Politics
BC miner controversy sparks probe of temporary foreign work program

Federal Minister of Human Resources and Skills Development Diane Finley greets employees at the MaRs in Toronto on Thursday, 08, 2012.

Credits: Veronica Henri/Toronto Sun/QMI Agency

KRISTY KIRKUP | QMI AGENCY

OTTAWA - The government announced it will review how the Temporary Foreign Work Program operates after it approved permits for a B.C. mining company to hire Chinese miners even though Canadians are supposed to get first dibs on jobs.

Human Resources and Skills Development Canada is already investigating why the work permits were granted to 201 mine workers at HD Mining International Ltd., located west of Grand Prairie, Alta.

"We are not satisfied that sufficient efforts were made to recruit or train Canadians interested in these jobs," HRSDC Minister Diane Finley said.

Employers who want to hire temporary foreign workers must apply for a "labour market opinion" from

Service Canada that assesses "the impact the foreign worker would have on Canada's labour market."

"Concerns have come to light, subsequent to these labour market opinions being approved for that particular mine, that Mandarin was listed as a work requirement," Immigration Minister Jason Kenney said in an October interview with QMI Agency. "I understand HRSDC is taking a look at that to see if that was a valid work requirement."

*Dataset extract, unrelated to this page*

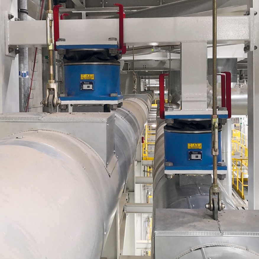 Viscoelastic dampers are used to reduce resonant vibrations.

The NDP, however, wants to see an "immediate suspension" of these permits and has demanded a full investigation to see if Canadian workers were given an opportunity to apply for the positions at the B.C. mine.

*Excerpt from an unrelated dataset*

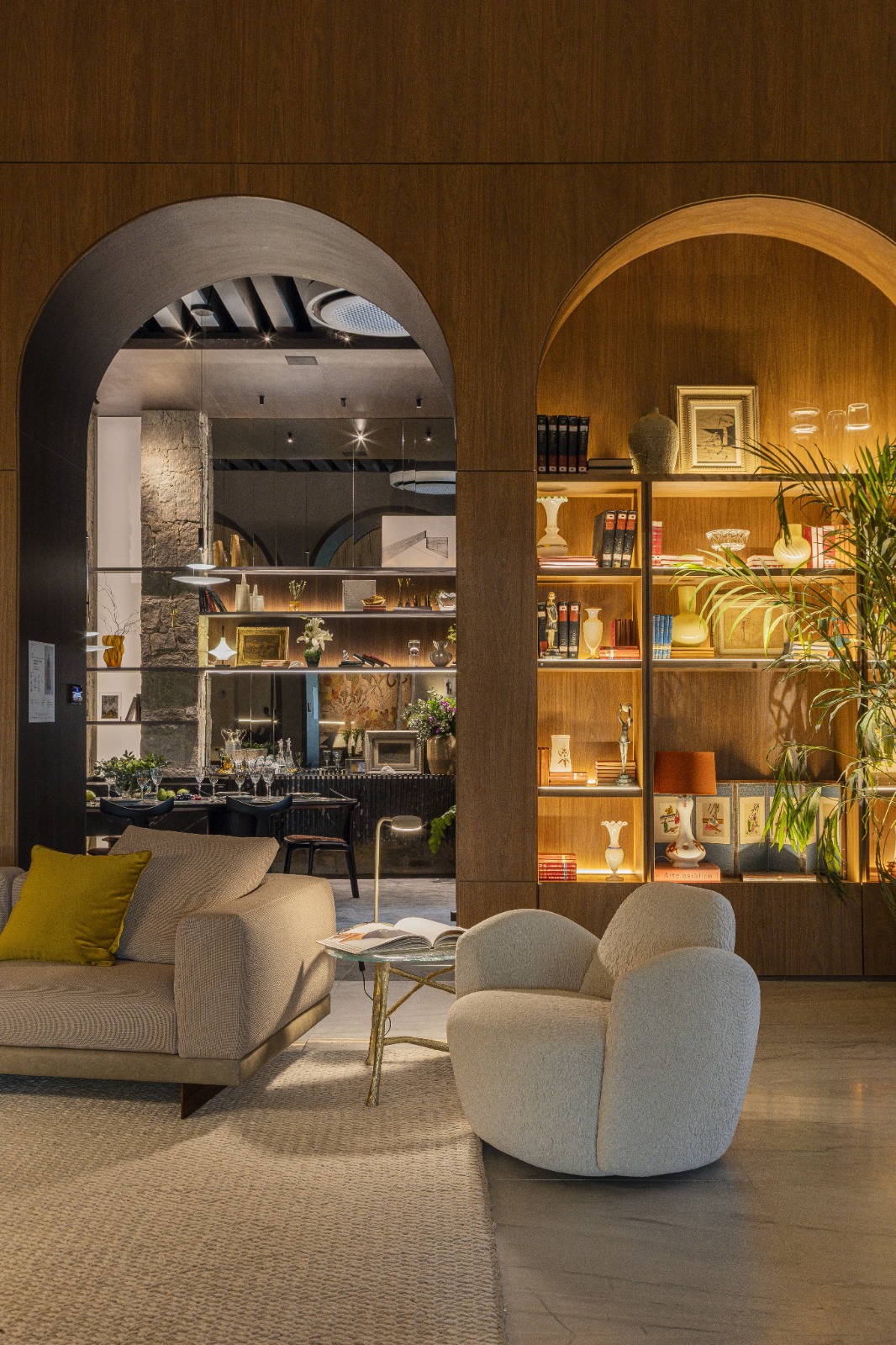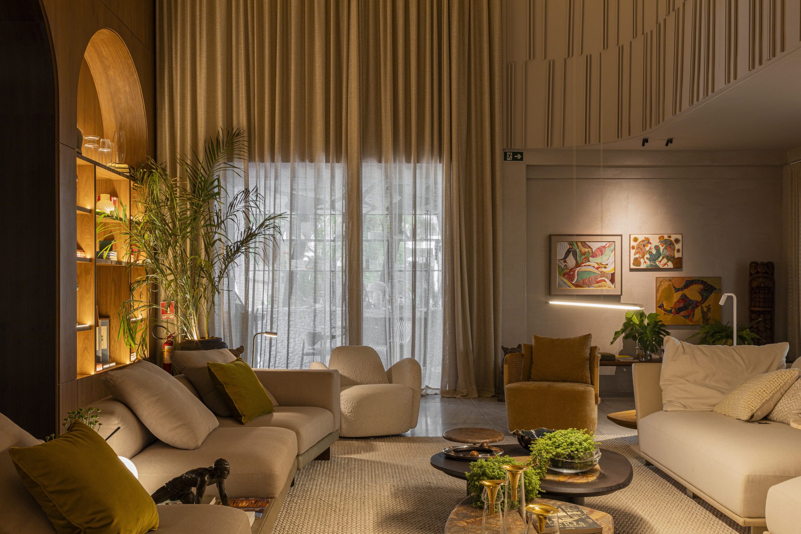 Destaque para quatro peças que expressam o design autoral, com assinatura do renomado Studio Roca, com o Sofá Netuno, que traz linhas retas e estrutura modular, garantindo conforto e versatilidade e o Banco Estação, que alia estética e praticidade com sua bandeja incorporada. Também a Mesa de Centro Itapirapuã, assinada pela arquiteta e designer Fernanda Marques, que destaca a harmonia entre madeira e pedra natural e a Mesa Lateral Galhos, de delicadeza escultural que confere leveza e elegância ao ambiente.

NDP immigration critic Jinny Sims also worries about how Canada's temporary foreign worker system operates overall and says a review is "long overdue."

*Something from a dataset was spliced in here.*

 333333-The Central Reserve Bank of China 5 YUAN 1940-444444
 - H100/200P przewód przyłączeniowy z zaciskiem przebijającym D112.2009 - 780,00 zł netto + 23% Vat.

"Companies used to have to search for six months in Canada before they could go look for overseas workers. And now...it is just six days before being allowed to hire workers from overseas.... The system is being abused," she said.

Sims also criticizes the government for allowing temporary foreign workers to be paid 15% less than other employees.

"They're helping their business friends to bring in cheap labour," Sims said. "That also suppresses the wages for Canadians here."

The Canadian Labour Congress and other unions have also hammered the feds for approving the work permits, saying Canadian workers need long-term employment.

The employment standards arm of the B.C. Ministry of Jobs and Tourism announced on Oct. 19 it would investigate HD Mining.